- WHAT YOU NEED TO DO
Below are the records. Retype, exactly, the lines from the first through the line with "We did stop", and leave out the pictures.

(Data items)
━━━

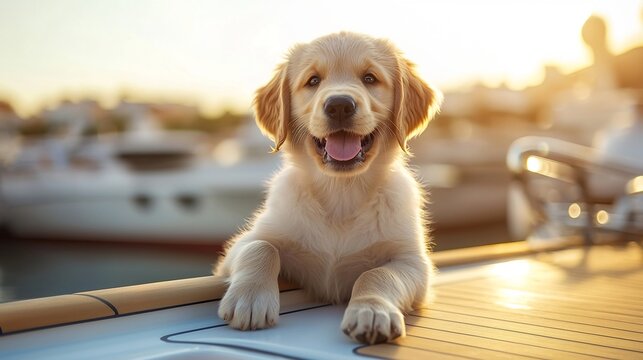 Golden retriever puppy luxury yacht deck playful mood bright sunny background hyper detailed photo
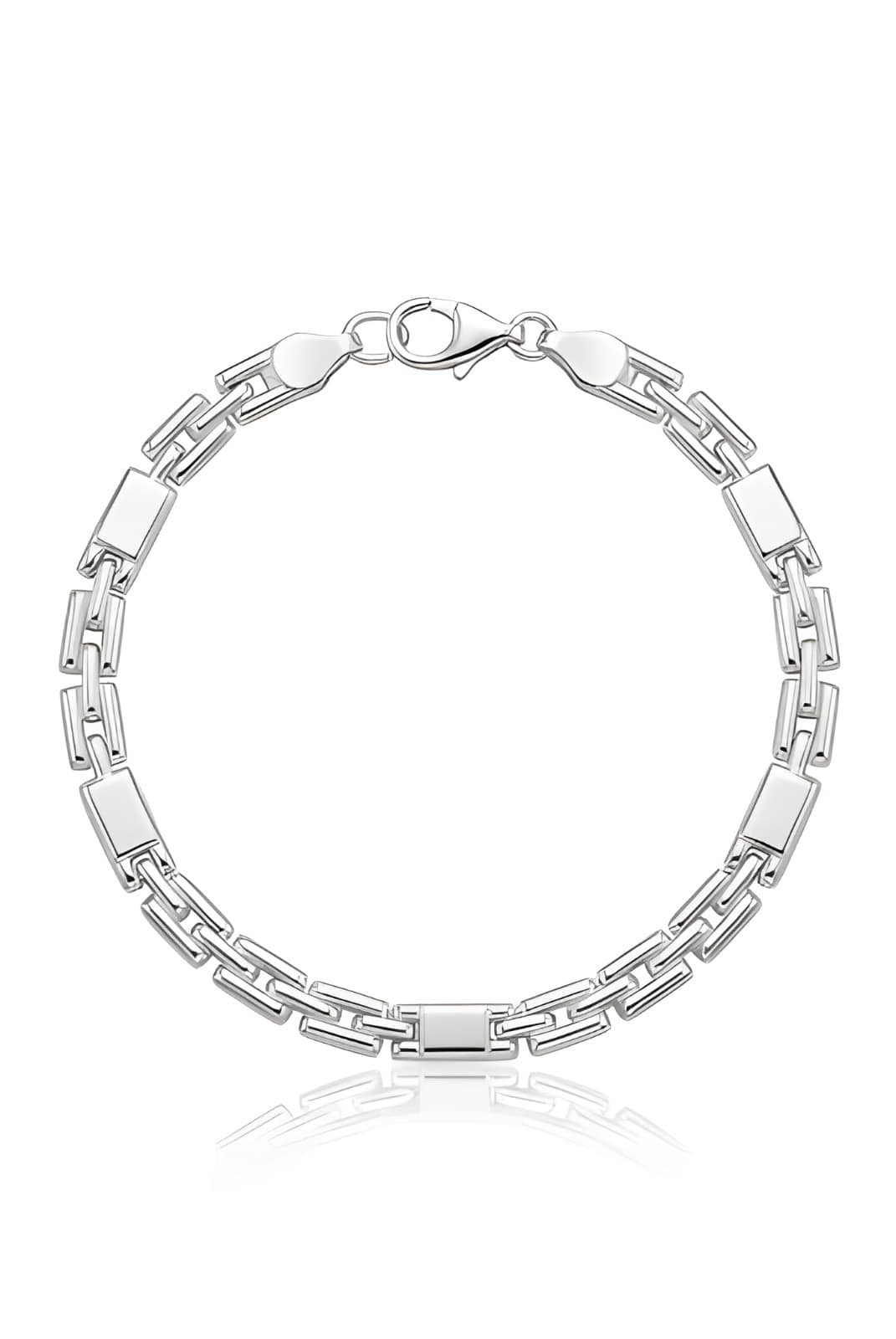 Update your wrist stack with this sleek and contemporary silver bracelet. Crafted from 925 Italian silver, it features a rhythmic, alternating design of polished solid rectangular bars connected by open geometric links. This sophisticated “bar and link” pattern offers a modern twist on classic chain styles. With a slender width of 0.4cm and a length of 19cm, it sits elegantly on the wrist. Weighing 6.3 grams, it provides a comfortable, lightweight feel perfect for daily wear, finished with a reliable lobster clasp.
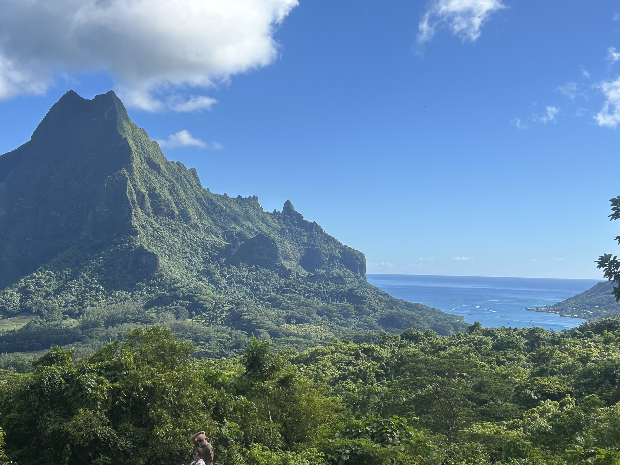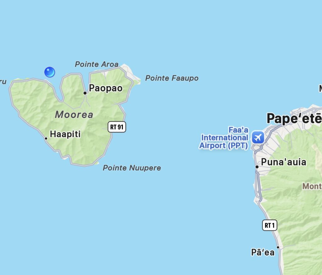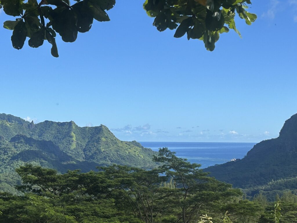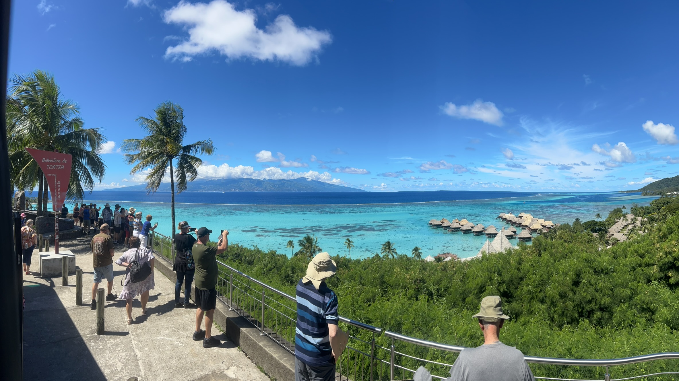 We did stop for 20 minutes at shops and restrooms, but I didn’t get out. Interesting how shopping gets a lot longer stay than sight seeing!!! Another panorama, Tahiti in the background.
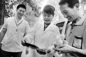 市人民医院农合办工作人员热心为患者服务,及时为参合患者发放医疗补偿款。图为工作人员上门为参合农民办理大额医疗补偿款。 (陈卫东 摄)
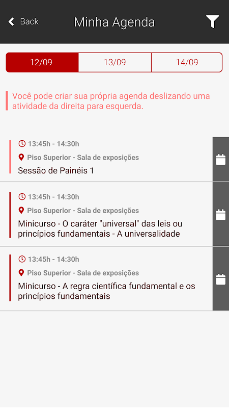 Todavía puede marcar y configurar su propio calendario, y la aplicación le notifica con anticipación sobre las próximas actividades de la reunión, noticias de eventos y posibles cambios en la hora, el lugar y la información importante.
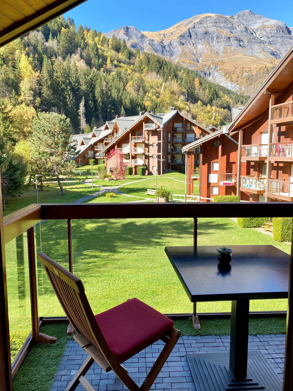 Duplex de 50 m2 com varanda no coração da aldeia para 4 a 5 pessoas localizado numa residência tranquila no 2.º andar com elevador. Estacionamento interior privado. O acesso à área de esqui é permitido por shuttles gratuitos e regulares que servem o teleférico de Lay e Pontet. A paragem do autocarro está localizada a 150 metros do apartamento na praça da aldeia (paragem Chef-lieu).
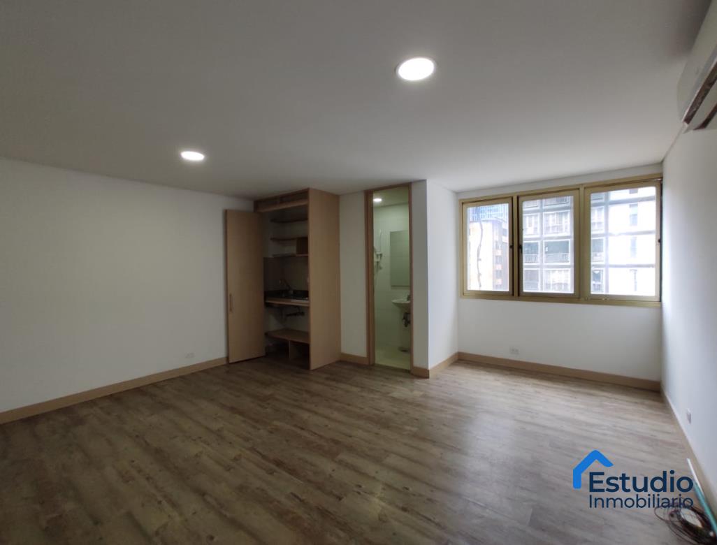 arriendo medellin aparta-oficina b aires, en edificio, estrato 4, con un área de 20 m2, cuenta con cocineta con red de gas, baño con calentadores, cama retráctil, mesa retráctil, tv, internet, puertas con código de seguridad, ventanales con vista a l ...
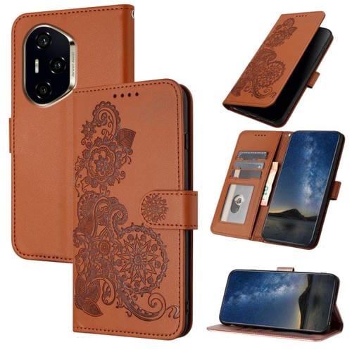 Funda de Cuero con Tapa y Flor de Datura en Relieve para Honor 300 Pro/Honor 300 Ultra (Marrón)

━━━

- SOLVED EXERCISE
 Golden retriever puppy luxury yacht deck playful mood bright sunny background hyper detailed photo
 Update your wrist stack with this sleek and contemporary silver bracelet. Crafted from 925 Italian silver, it features a rhythmic, alternating design of polished solid rectangular bars connected by open geometric links. This sophisticated “bar and link” pattern offers a modern twist on classic chain styles. With a slender width of 0.4cm and a length of 19cm, it sits elegantly on the wrist. Weighing 6.3 grams, it provides a comfortable, lightweight feel perfect for daily wear, finished with a reliable lobster clasp.
 We did stop for 20 minutes at shops and restrooms, but I didn’t get out. Interesting how shopping gets a lot longer stay than sight seeing!!! Another panorama, Tahiti in the background.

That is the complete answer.